Beberapa hari ini kamu sering datang walau hanya sekedar menyapa lalu pergi tanpa arah. Kamu mau ke mana? Sudahlah duduk manis saja di sini, di pikiranku.
Aku masih ingat senyum khasmu ketika kau singgah semalam. Manis. Semanis martabak cokelat kacang yang waktu itu kau beri untuk ibuku. Oh Tuhan, seandainya ada alat yang bisa mengabadikan senyum manis itu, beri aku satu.
Kata orang, mimpi artinya rindu. Siapa yang rindu? Aku? Atau kamu? Atau kita? Baiklah aku menyerah, aku rindu padamu. Tapi kamu? Entahlah. Hanya kamu yang bisa jawab.

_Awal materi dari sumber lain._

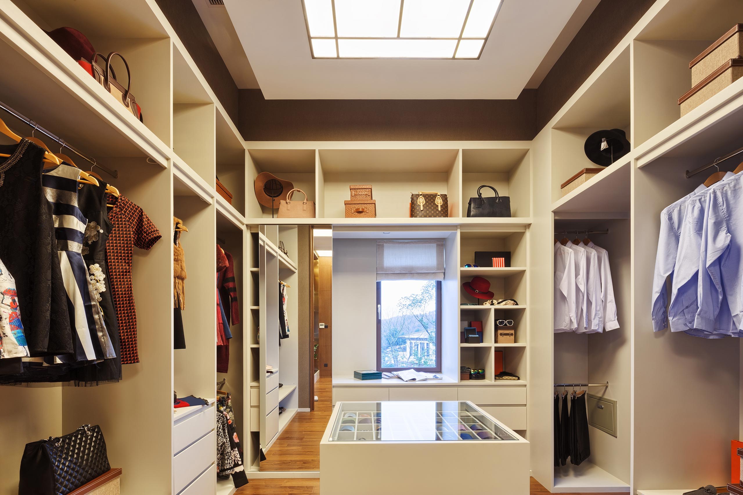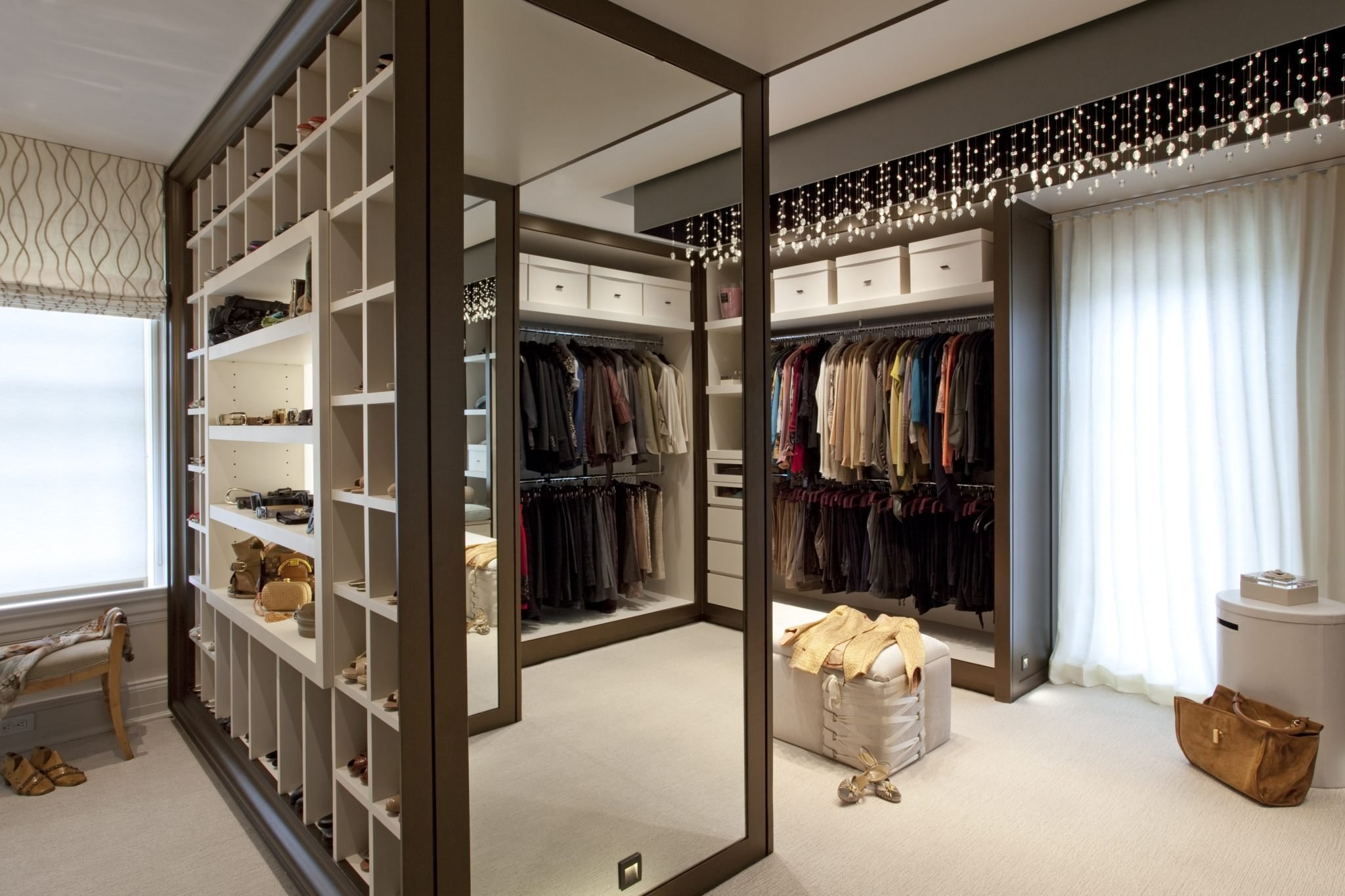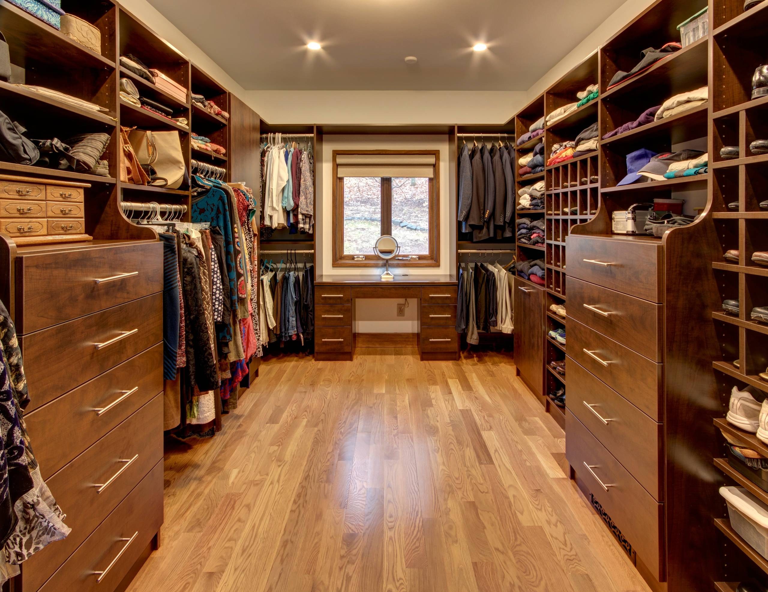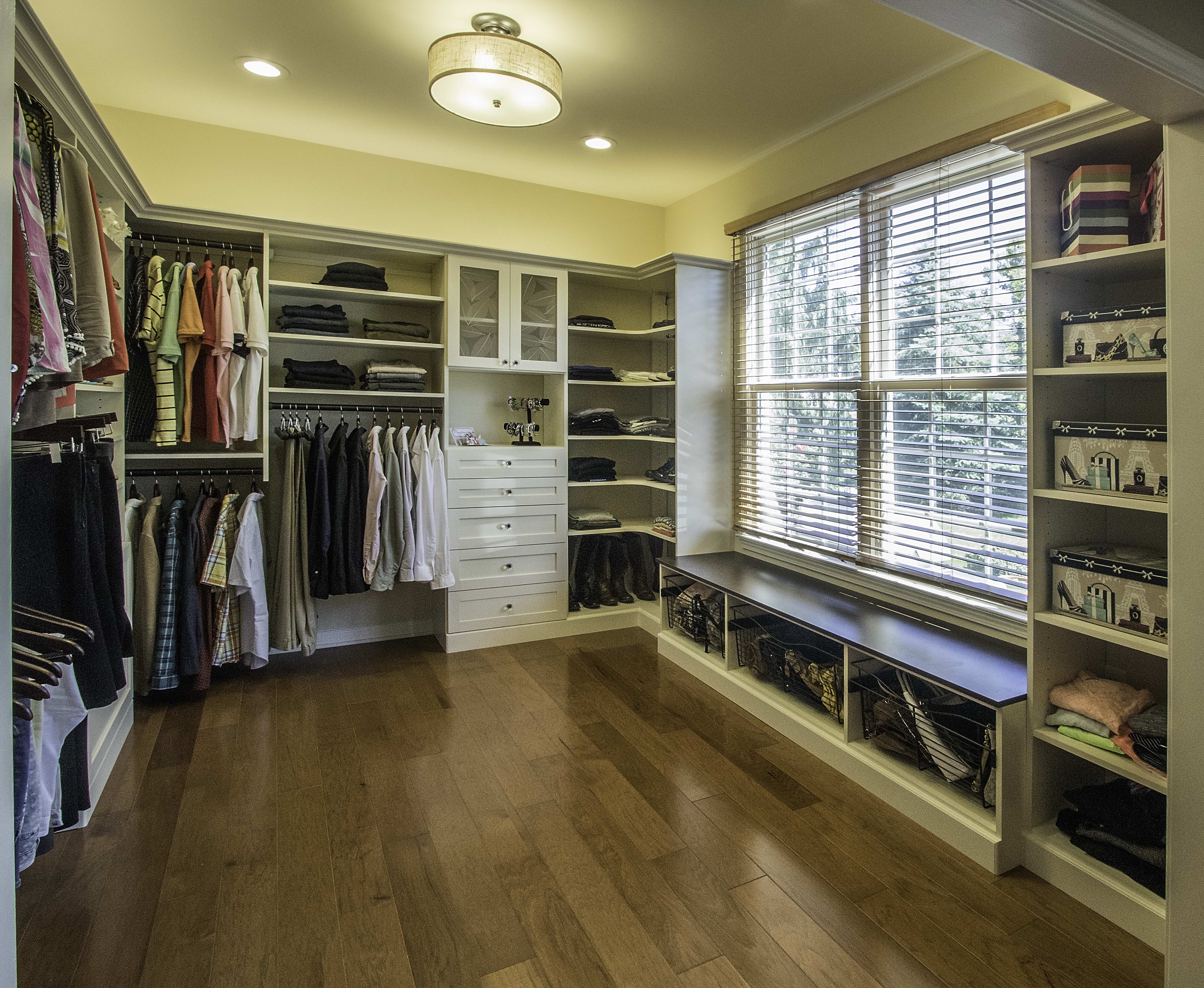 Большая гардеробная комната с окном (49 фото)
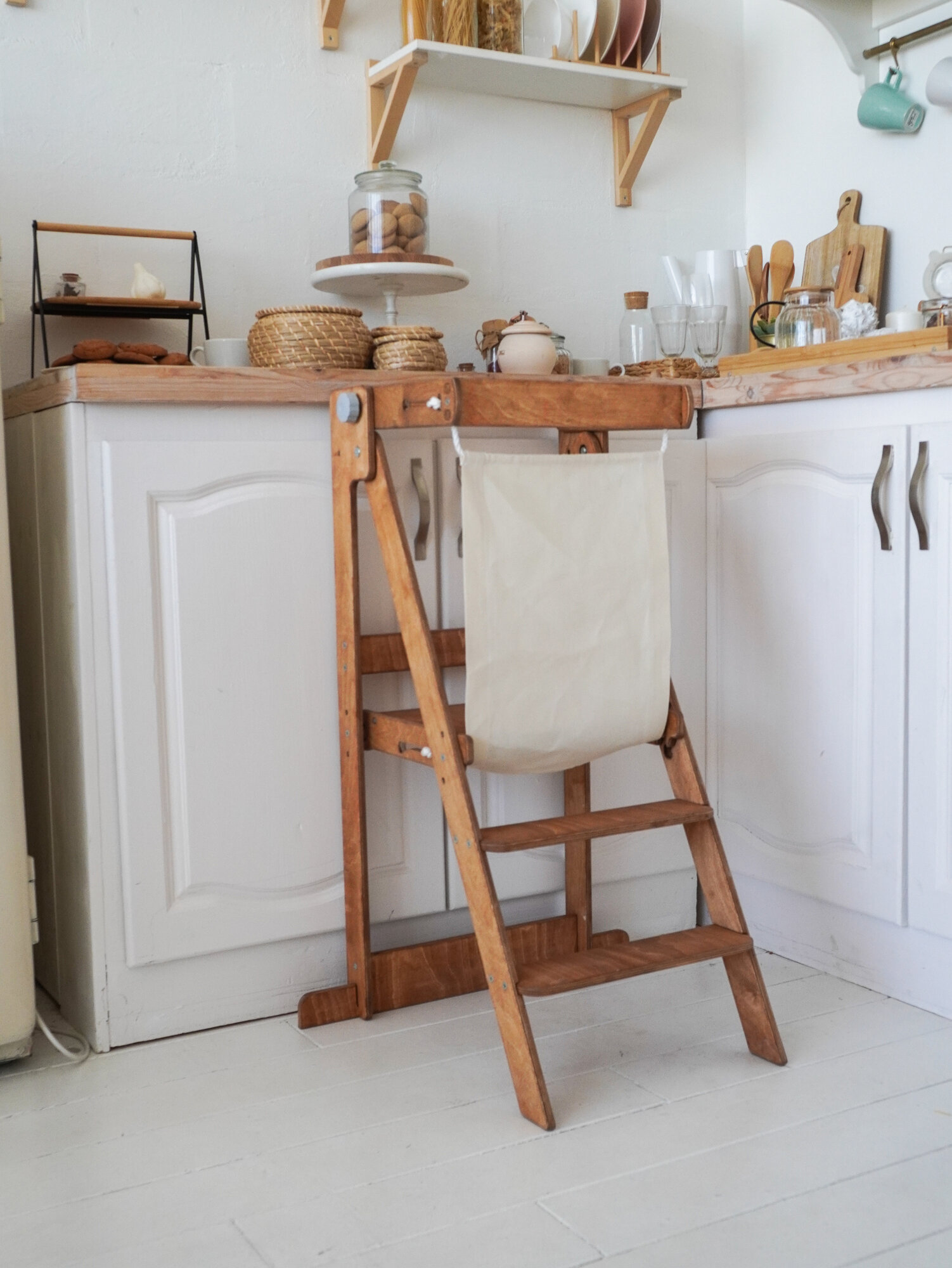 Башня помощника Монтессори (покрыта маслом) цвет дуб со съемными защитными планками
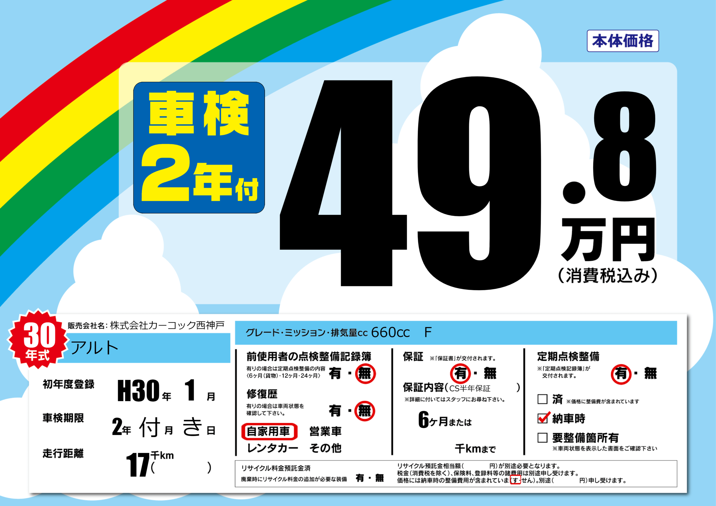 | 定期点検整備 | 定期点検整備あり 納車時あり | ||
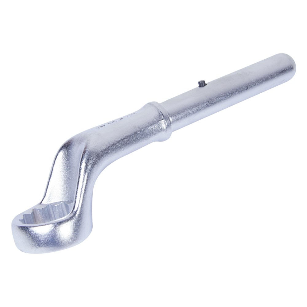 Назначение: Работа с крепежом конструкций и техникой промышленного масштаба. Область применения: Ремонт и обслуживание крупногабаритной техники и конструкций, промышленность, сельское хозяйство, производство, строительство, станции технического обслуживания автомобильной и другой техники. • Использовать ключ в тяжелых условиях под действием больших нагрузок. Особенности: • Для использования совместно с рычагом-трубой арт. 112261 • Накидной профиль прямого действия: работа в местах, где другие форматы ключей не подходят. • Специальный изгиб ключа позволяет работать в местах с ограниченным доступом к крепежу. • 12-тигранный профиль накидной части универсален в работе с головками болтов или гайками как 6- ти, так и 12-тигранного профиля. Качество: Ключи изготовлены из инструментальной легированной хром-ванадиевой стали специального сплава, состоящего из 15 элементов, входящих в его состав. Технология изготовления ключей включает в себя метод горячей ковки с последующей термообработкой,Характеристики
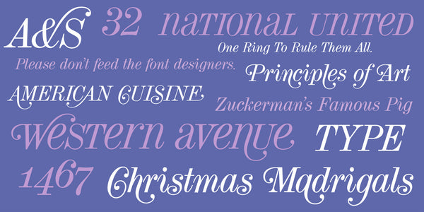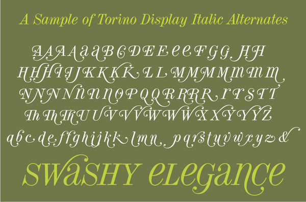 Torino Display Italic is another one of my personal favorites! Digitally revived from an older photo-typositing face, this typeface has a ton of alternate and swash variants to give it a wide range of typographic possibilities. Some of the most interesting are the capital-sized versions of the lowercase a, e, n and r, each with their own swash alternates as well. This is a terrific font for display use and combines the best of both script and serif design elements.
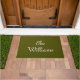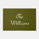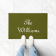 Porta do sobrenome da família de Casais de script personalizado verde-oliva-chic. Texto branco personalizável, fundo verde verde claro e claro.
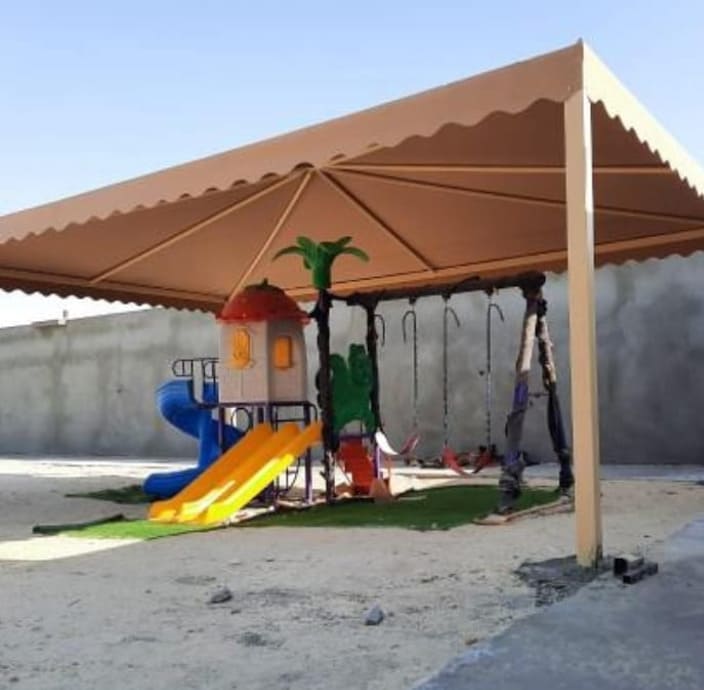 مظلات جلسات يتم تصميمها وتركيبها من الحديد مدمجه مع المجدول البلاستيك.
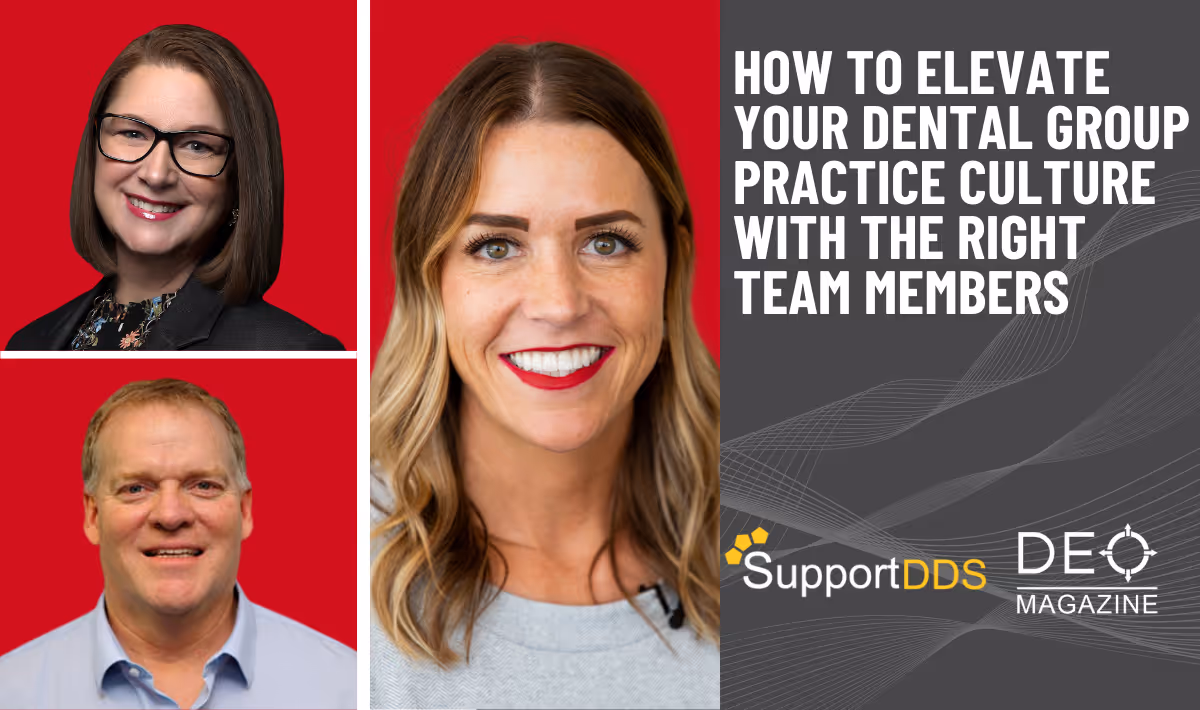 Join Brenda McNulty, Dental Group Director of SupportDDS, J.W. Oliver Jr., Managing Partner of SupportDDS, and Josey Sewell, Head of Implementation & Coaching / Partner of The DEO as they discuss how to elevate your dental group practice's culture with the right team members.
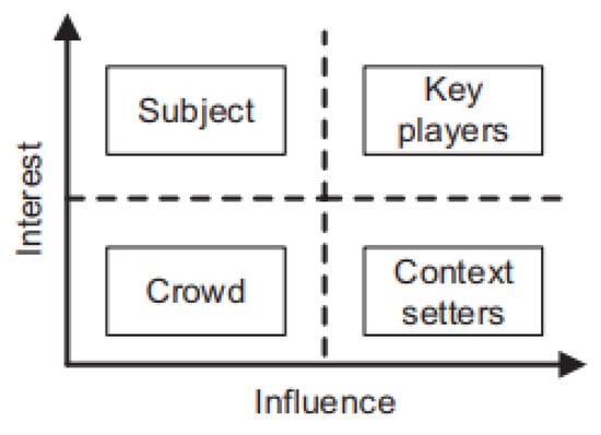 Mitchell et al. [54] consider stakeholder attributes such as power (to influence the organization), legitimacy (of a relationship between stakeholders and the organization), and urgency (of a claim), and offer three qualitative classes: a class of low relevance that has only one of the attributes and is called a latent actor; a moderately special type with two attributes and calls them future stakeholders; and the most outstanding class that has them all.
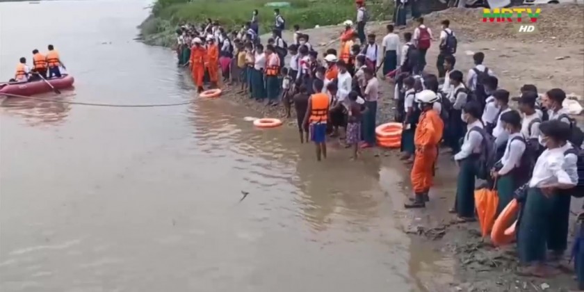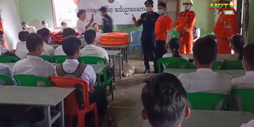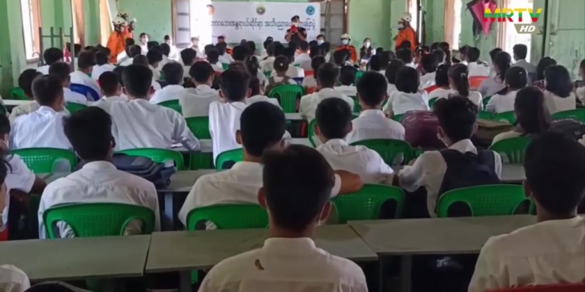 In Rakhine State, with the cooperation of Fire Services Department and Department of Disaster Management, the Disaster Awareness Programme and Drill on flood risk was conducted to the students at the Sub-basic Education High School and No. 3 Basic Education Middle School in Buthidaung Township of Maungdaw District.

Dinding 'pembatas' ini sudah semakin jauh terbentang. Aku tahu aku terlalu muluk untuk berharap rindu ini disambut. Aku tahu aku terlalu bodoh mengharapkan rindu dari orang yang sudah mempunyai pendamping. Tapi kalau hanya rindu dan tidak mengganggu hubunganmu, tidak masalah, bukan?
Ah, lagi lagi aku melantur ketika memikirkanmu. Tuhan, aku rindu padanya. Tapi jika rindu ini salah, tolong hapuslah segera. Dan jika rindu ini tak pantas untuknya, bungkus perasaan ini lalu buang jauh-jauh. Berhentikan pikiran dan hatiku untuk masih memberinya tempat di sini. Tolong, Tuhan, Tolong..
Dan untuk kamu, terima kasih sudah mampir dan menyapaku. (Tolong jangan) datang lagi lain kali, ya.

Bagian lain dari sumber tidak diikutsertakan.